Now, what did other TV types think of "The Colonel"? A roundup of critics' reactions to the finale:

  • James Poniewozik, Time: "At the end of 'The Colonel,' I did something I rarely do when watching TV alone ... I clapped ... 'The Americans' stuck its first landing. Part of my reaction, I'll admit, was a superficial one, to the choice of Peter Gabriel's 'Games Without Frontiers' as the soundtrack for the closing minutes ... 'Games Without Frontiers,' in many ways, is 'The Americans': tense, sly, sinuous, its lyrics contrasting the banal and the menacing, imagining world war as a kind of internationalist 'Lord of the Flies' child's game. The song choice is a small thing, but symbolic; it's an example of how 'The Americans,' through its first season and in its finale, has shown the confidence not to do the obvious thing."

    Poniewozik also loved the last scene (more than we did): "Not knowing what her normal teenage suspicions are bringing her close to, Paige goes into the basement, where Elizabeth had been listening to a tape from her mother. Here again, you might expect a wait-until-next-year cliffhanger moment: Paige finding the tape recorder, hitting Play. Instead, as Gabriel's hypnotic coda plays, it ends on the image of her gazing off, pausing, wondering, on the cusp. It was evocative, tantalizing, perfect."
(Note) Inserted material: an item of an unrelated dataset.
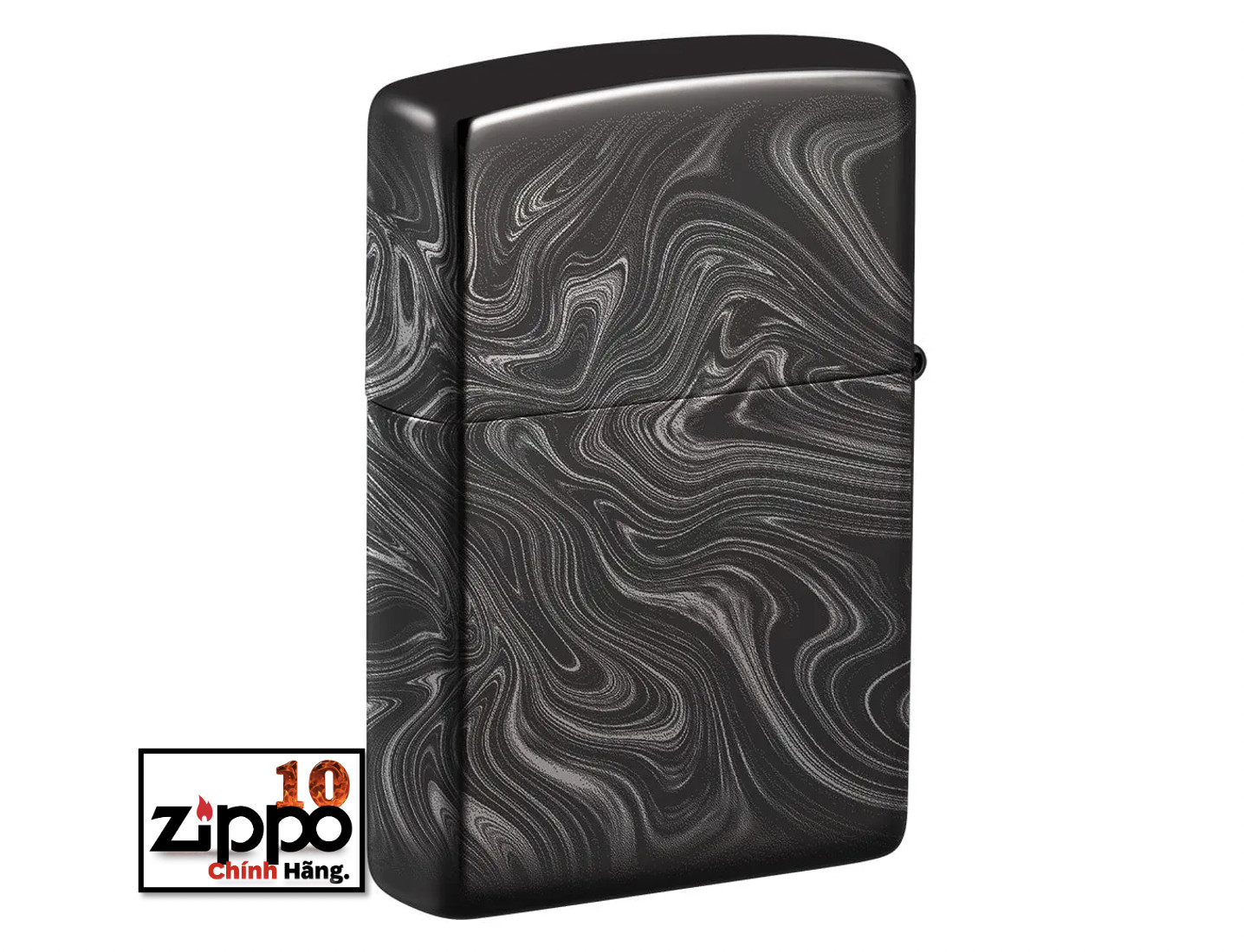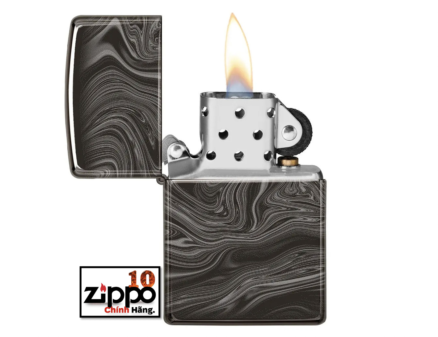 Thiết kế mới hoa văn vân đá cẩm thạch được tạo trên chiếc bật lửa Zippo đồng thau, nền mạ High Polish Black bằng qui trình in hình ảnh màu 360° của Zippo. Được đóng
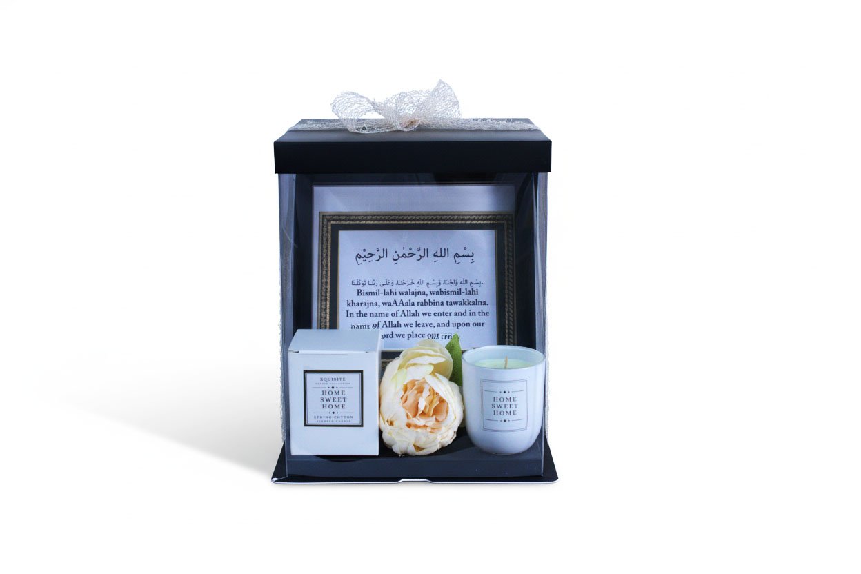 Celebrate a new beginning with this Islamic home frame and candle set. The frame adds a touch of faith and elegance to any space. The frame includes the dua upon entering your home, while the candle brings warmth and serenity, making it a thoughtful gift for a new home. It comes in a stunning gift box, complete with decorative flowers and a ribbon.

  • Alan Sepinwall, HitFix: "As an episode of 'The Americans,' I think 'The Colonel' works very, very well. It's tense, it's emotional and it moves a bunch of plots ... along significantly. ... But after the show had been so great for so much of this season, I was expecting more from the finale -- something that made the whole of the season feel greater than the sum of its parts -- when instead what I got was a strong episode of 'The Americans' that was hampered a bit at the end by storytelling decisions made in earlier episodes."

[Related: 'Orphan Black' Renewed for Season 2]

  • Matt Zoller Seitz, Vulture: "'The Colonel' wasn't on the level of the season's best episodes (my picks are 'Gregory' and 'Only You') but it was consistently terrific, laying out enormous amounts of relevant plot information while still keeping the characters' emotional through-lines in sight. ... Bottom line: 'The Colonel' rings down the curtain on a strong first season of 'The Americans,' maybe the best freshman outing I've seen since Season 1 of 'Homeland.'"

  • Cicely K. Dyson, WSJ.com: "What I liked most about this episode is that it didn't wrap everything into a nice little bow. Phillip told Elizabeth that he loved her (albeit in a non-love note). Elizabeth finally got the courage to tell Phillip to come home (albeit on her sickbed -- and in Russian!). But there's still more left for next season. Sure, they love one another and Phillip is probably coming home, but that doesn't mean everything will be hunky-dory. They have real issues to work through, the least of which is trust."

  • Eric Goldman, IGN.com: "Yes, it's too early in the show's run for the Jennings to be found out, but it's a mark of a great show when they still were able to create a scenario that completely sold how close Elizabeth came to being caught and made the situation so nerve-racking, before and after Phillip arrived. The fact that an actual car chase followed only increased the 'Holy s---!' of it all."

As for viewer reaction, it was mostly positive, though at least one fan agreed that the episode should have been a little stronger as a season ender:

  • HitFix.com commenter Charles_ wrote, "For a show about spies, 'The Americans' has generally avoided the classic thriller mechanisms. It's clear they were saving them for the finale, and they pulled it off excellently. A brilliant end to a great season. Can't wait for next year."

[Related: 'Rectify' Cast on Sundance Channel's New Drama: 'This Show Just Really Breathes']

  • Huffington Post commenter OutToLunch wrote, "gotta say it again: 'The Americans' is the best new show on television ... the finale was superb. suspenseful and nail bite-y down to the end. and 'Games Without Frontiers' was an excellent song to close out season 1. just really well done."

  • But Vulture.com commenter TNGUHL wrote, "I didn't find this episode that riveting, to be honest. I actually found it fairly predictable. the car chase, after Phillip picked up Elizabeth, was pretty weak. i'm not sure if all the episodes had been produced before the renewal, but if this had ended the series, i would've been pretty mad."